Entries shown:
....................

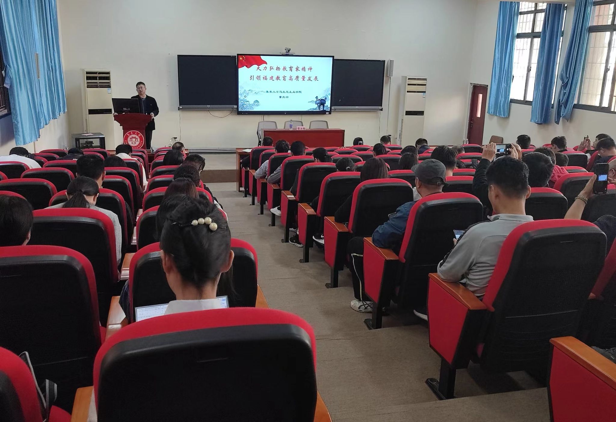 董立功以《大力弘扬教育家精神 引领福建教育高质量发展》为题,以习近平总书记在2024年全国教育大会上的金句为切入点,围绕中国教育在国际上的地位、福建省教育在国内的地位、福建没有理由不把教育办好、以教育家精神引领福建教育高质量发展四个方面展开阐述,结合国情校情深入诠释了教育家精神的核心要义,强调要深刻把握“六个力”为教育强国建设贡献高校力量。讲座既有理论深度又有情怀温度,引经据典又结合实际,为广大青年教师和教育工作者成长提供了价值引领和精神鼓舞,与会人员受益匪浅。
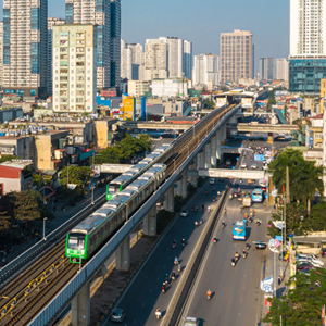 2021年12月1日,在越南首都河内,列车在吉灵-河东轻轨线上行驶。新华社发(中铁六局河内轻轨项目部供图)
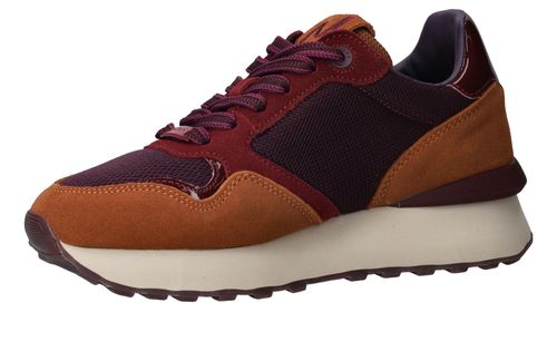 Vrolijke Mexx Juju Humper sneaker met gave platformzool! De paarse en cognac kleuren matchen geweldig samen.
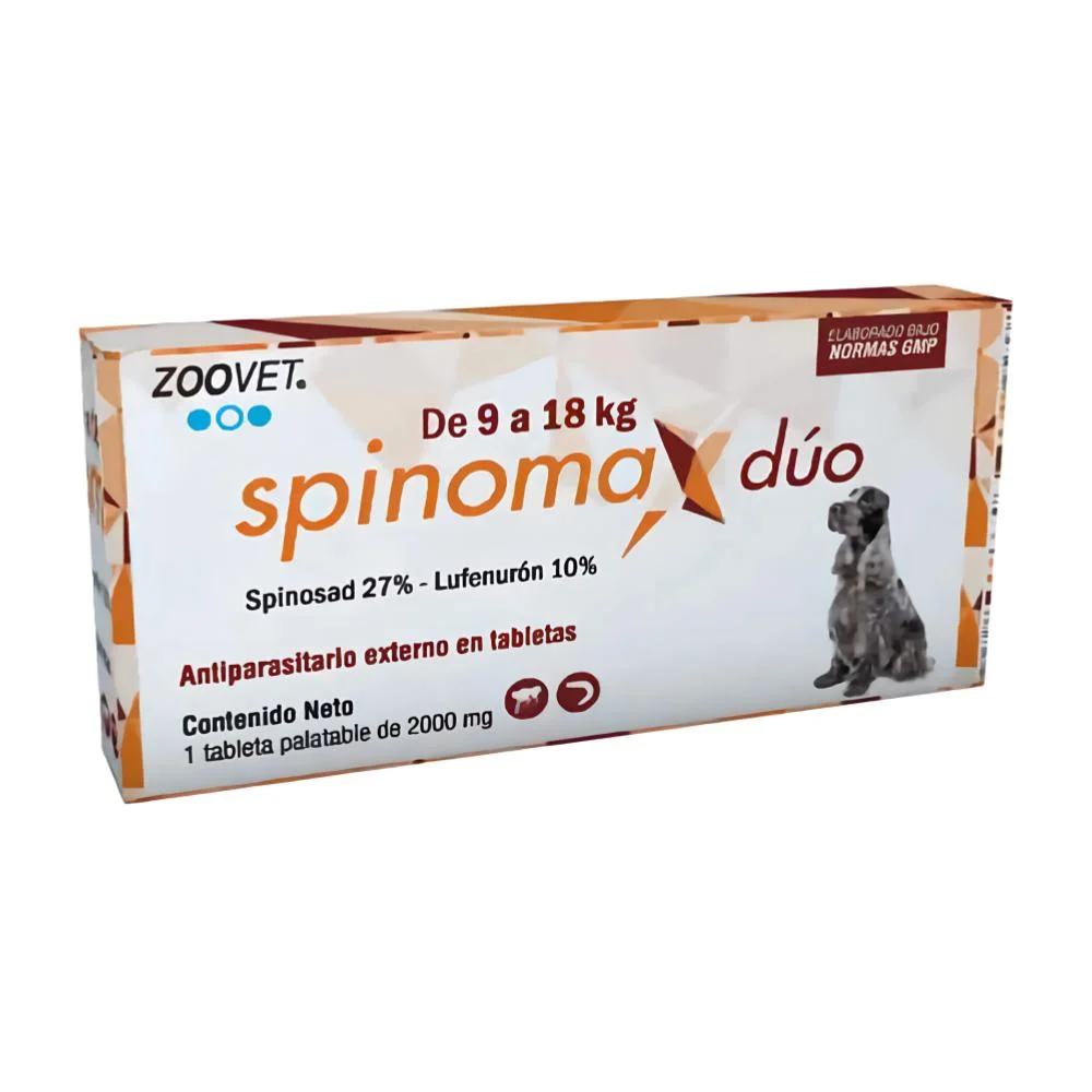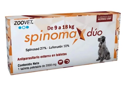 El Spinomax Dúo para perros de 9 a 18 kg es un antiparasitario oral de rápida acción que elimina pulgas adultas y previene su reproducción en el hogar durante 30 días.
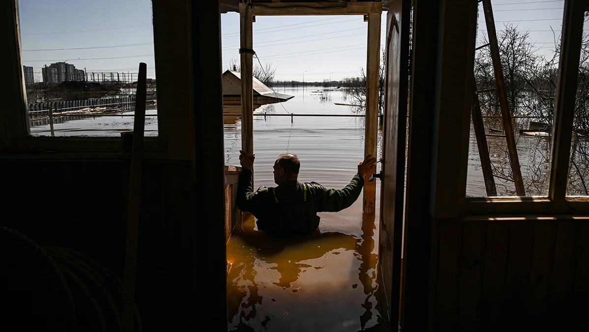 Местный житель на крыльце своего затопленного дома в Оренбурге, Россия, 11 апреля 2024 года. Фото: Владимир Астапкович / IMAGO / Scanpix / LETA
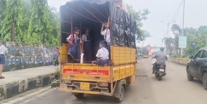 कल्याण : अंबरनाथ मधील अपघाताच्या घटनेने संपूर्ण राज्याला हादरवून सोडले असतानाच कल्याणात एका खाजगी शाळेतील विद्यार्थ्यांना चक्क एका मालवाहतूक करणाऱ्या टेम्पोमधून शाळेत ने-आण केली जात आहे. विशेष म्हणजे मुलांच्या सुरक्षिततेसाठी एक ही अटेंडंट (सहाय्यक) सोबत नाही. विद्यार्थ्यांचा धोकादायक प्रवास सुरू असताना आरटीओच्या अधिकाऱ्याचे मात्र त्याकडे दुर्लक्ष होताना दिसत आहे. त्यामुळे अपघात झाल्यानंतरच जाग येणार का असा प्रश्न आता सर्वसामान्यांकडून विचारला जात आहे.
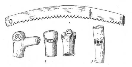 1 – счетная бирка; 2 – рукоять плети; 3 – костяная трубочка с тремя отверстиями
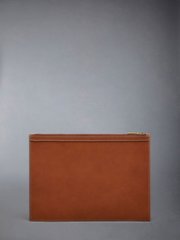 DETAILS & FIT Medium document holder in brown vacchetta leather. Brass zip top closure. White contrast stitching. Gold foil printed logo at entry. Striped lining. Signature striped grosgrain loop tab at entry. 100% Calf Leather Lining: 100% Polyester Made in Italy MAC021LL0044255 - Length: 35.0cm - WIDTH: 25.0cm
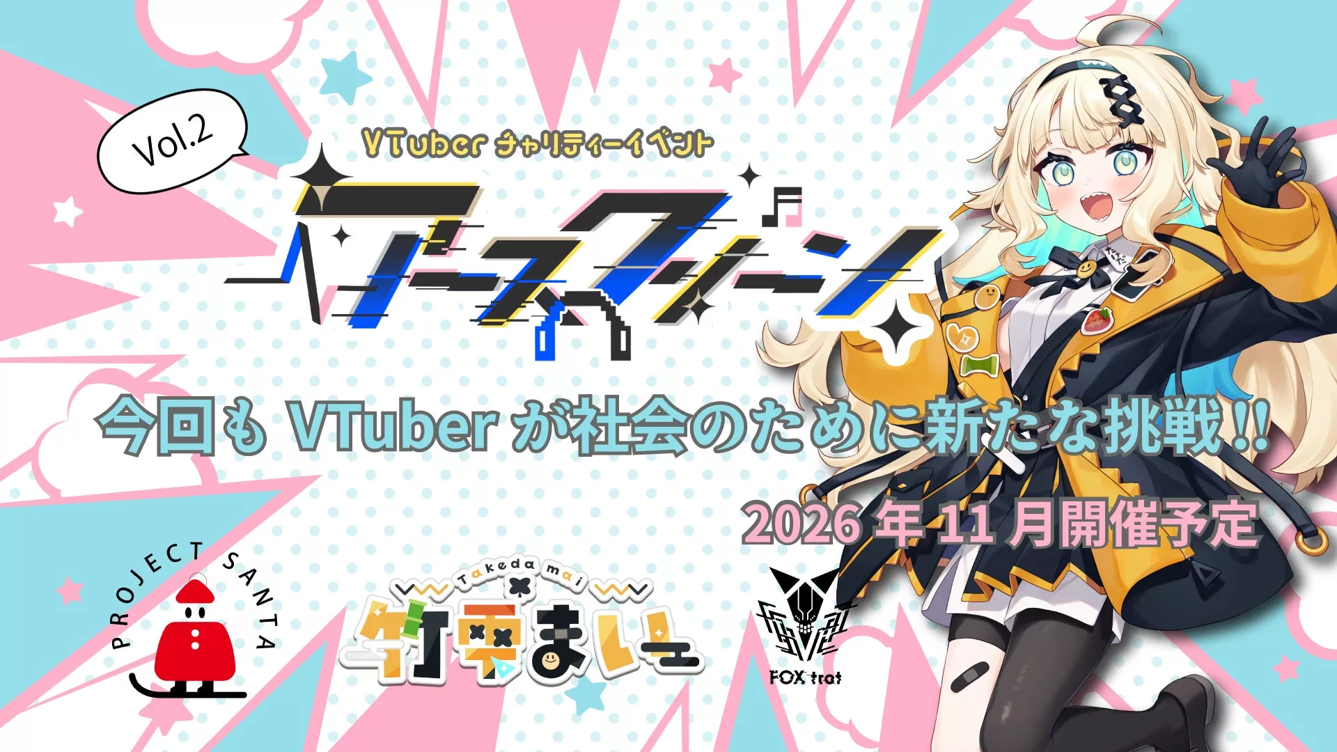 この度、第2回『アースクリーン』の開催が2026年11月に決定し、プロジェクトサンタが引き続き参画する予定。3日間にわたる大型イベントで、主なコンテンツとしてVTuberによる歌枠リレー配信、リアル会場でのライブイベント、VTuber参加のチャリティー活動が予定されている。収益の一部はプロジェクトサンタへ寄付され、病院で療養する子どもたちの支援に充てられる。
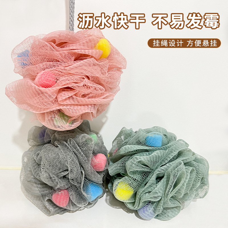 新款大号彩色海绵沐浴球舒适海绵挂绳创意搓澡淋浴快速气泡浴花 English | 投诉
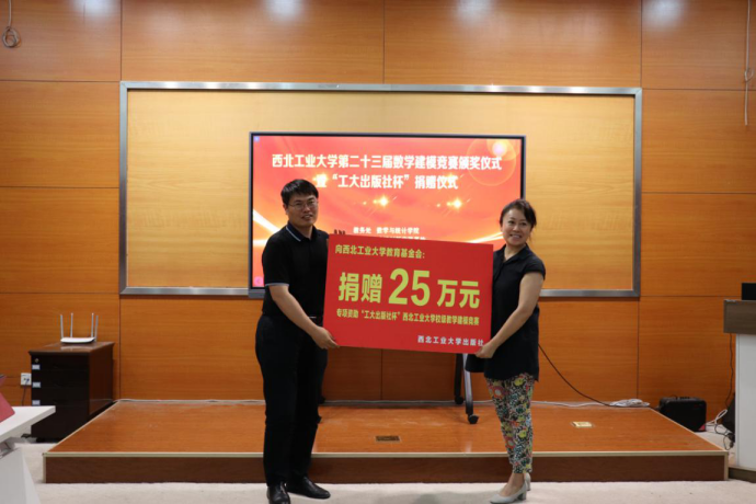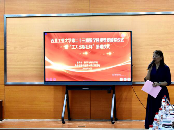 5月31日,长安校区启真楼105会议室师生欢聚一堂,西北工业大学第二十三届数学建模竞赛颁奖仪式暨“工大出版社杯”捐赠仪式在此隆重举行。教务处副处长彭亮,出版社社长高大力、副社长雷军,体彩超级大乐透 教育基金会副秘书长徐伟侠,体彩超级大乐透 党委书记王莉,计算机体彩超级大乐透 院长於志文,陕西省高等体彩超级大乐透 教育名师、大学生数学建模创新实践基地负责人孙浩以及相关获奖体彩超级大乐透 党委副书记、师生代表应邀出席本次颁奖仪式。会议由王莉主持。
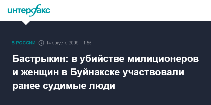 Москва. 14 августа. INTERFAX.RU - Личности бандитов, совершивших убийство женщин и работников милиции в Буйнакске, установлены, заявил глава СКП РФ Александр Бастрыкин. "Я еще раз уточню, насколько эта информация объективна. Мне доложили, что установочные данные - фамилии, имена, отчества двух бандитов. Это ранее судимые лица. Если это так, то только осталось объявить их в розыск", - сказал Бастрыкин в пятницу журналистам в Сочи.

....................

Requirement:
Would you transcribe the whole listing above exactly? The pictures should not be included.

Result of the task:
 董立功以《大力弘扬教育家精神 引领福建教育高质量发展》为题,以习近平总书记在2024年全国教育大会上的金句为切入点,围绕中国教育在国际上的地位、福建省教育在国内的地位、福建没有理由不把教育办好、以教育家精神引领福建教育高质量发展四个方面展开阐述,结合国情校情深入诠释了教育家精神的核心要义,强调要深刻把握“六个力”为教育强国建设贡献高校力量。讲座既有理论深度又有情怀温度,引经据典又结合实际,为广大青年教师和教育工作者成长提供了价值引领和精神鼓舞,与会人员受益匪浅。
 2021年12月1日,在越南首都河内,列车在吉灵-河东轻轨线上行驶。新华社发(中铁六局河内轻轨项目部供图)
 Vrolijke Mexx Juju Humper sneaker met gave platformzool! De paarse en cognac kleuren matchen geweldig samen.
 El Spinomax Dúo para perros de 9 a 18 kg es un antiparasitario oral de rápida acción que elimina pulgas adultas y previene su reproducción en el hogar durante 30 días.
 Местный житель на крыльце своего затопленного дома в Оренбурге, Россия, 11 апреля 2024 года. Фото: Владимир Астапкович / IMAGO / Scanpix / LETA
 कल्याण : अंबरनाथ मधील अपघाताच्या घटनेने संपूर्ण राज्याला हादरवून सोडले असतानाच कल्याणात एका खाजगी शाळेतील विद्यार्थ्यांना चक्क एका मालवाहतूक करणाऱ्या टेम्पोमधून शाळेत ने-आण केली जात आहे. विशेष म्हणजे मुलांच्या सुरक्षिततेसाठी एक ही अटेंडंट (सहाय्यक) सोबत नाही. विद्यार्थ्यांचा धोकादायक प्रवास सुरू असताना आरटीओच्या अधिकाऱ्याचे मात्र त्याकडे दुर्लक्ष होताना दिसत आहे. त्यामुळे अपघात झाल्यानंतरच जाग येणार का असा प्रश्न आता सर्वसामान्यांकडून विचारला जात आहे.
 1 – счетная бирка; 2 – рукоять плети; 3 – костяная трубочка с тремя отверстиями
 DETAILS & FIT Medium document holder in brown vacchetta leather. Brass zip top closure. White contrast stitching. Gold foil printed logo at entry. Striped lining. Signature striped grosgrain loop tab at entry. 100% Calf Leather Lining: 100% Polyester Made in Italy MAC021LL0044255 - Length: 35.0cm - WIDTH: 25.0cm
 この度、第2回『アースクリーン』の開催が2026年11月に決定し、プロジェクトサンタが引き続き参画する予定。3日間にわたる大型イベントで、主なコンテンツとしてVTuberによる歌枠リレー配信、リアル会場でのライブイベント、VTuber参加のチャリティー活動が予定されている。収益の一部はプロジェクトサンタへ寄付され、病院で療養する子どもたちの支援に充てられる。
 新款大号彩色海绵沐浴球舒适海绵挂绳创意搓澡淋浴快速气泡浴花 English | 投诉
 5月31日,长安校区启真楼105会议室师生欢聚一堂,西北工业大学第二十三届数学建模竞赛颁奖仪式暨“工大出版社杯”捐赠仪式在此隆重举行。教务处副处长彭亮,出版社社长高大力、副社长雷军,体彩超级大乐透 教育基金会副秘书长徐伟侠,体彩超级大乐透 党委书记王莉,计算机体彩超级大乐透 院长於志文,陕西省高等体彩超级大乐透 教育名师、大学生数学建模创新实践基地负责人孙浩以及相关获奖体彩超级大乐透 党委副书记、师生代表应邀出席本次颁奖仪式。会议由王莉主持。
 Москва. 14 августа. INTERFAX.RU - Личности бандитов, совершивших убийство женщин и работников милиции в Буйнакске, установлены, заявил глава СКП РФ Александр Бастрыкин. "Я еще раз уточню, насколько эта информация объективна. Мне доложили, что установочные данные - фамилии, имена, отчества двух бандитов. Это ранее судимые лица. Если это так, то только осталось объявить их в розыск", - сказал Бастрыкин в пятницу журналистам в Сочи.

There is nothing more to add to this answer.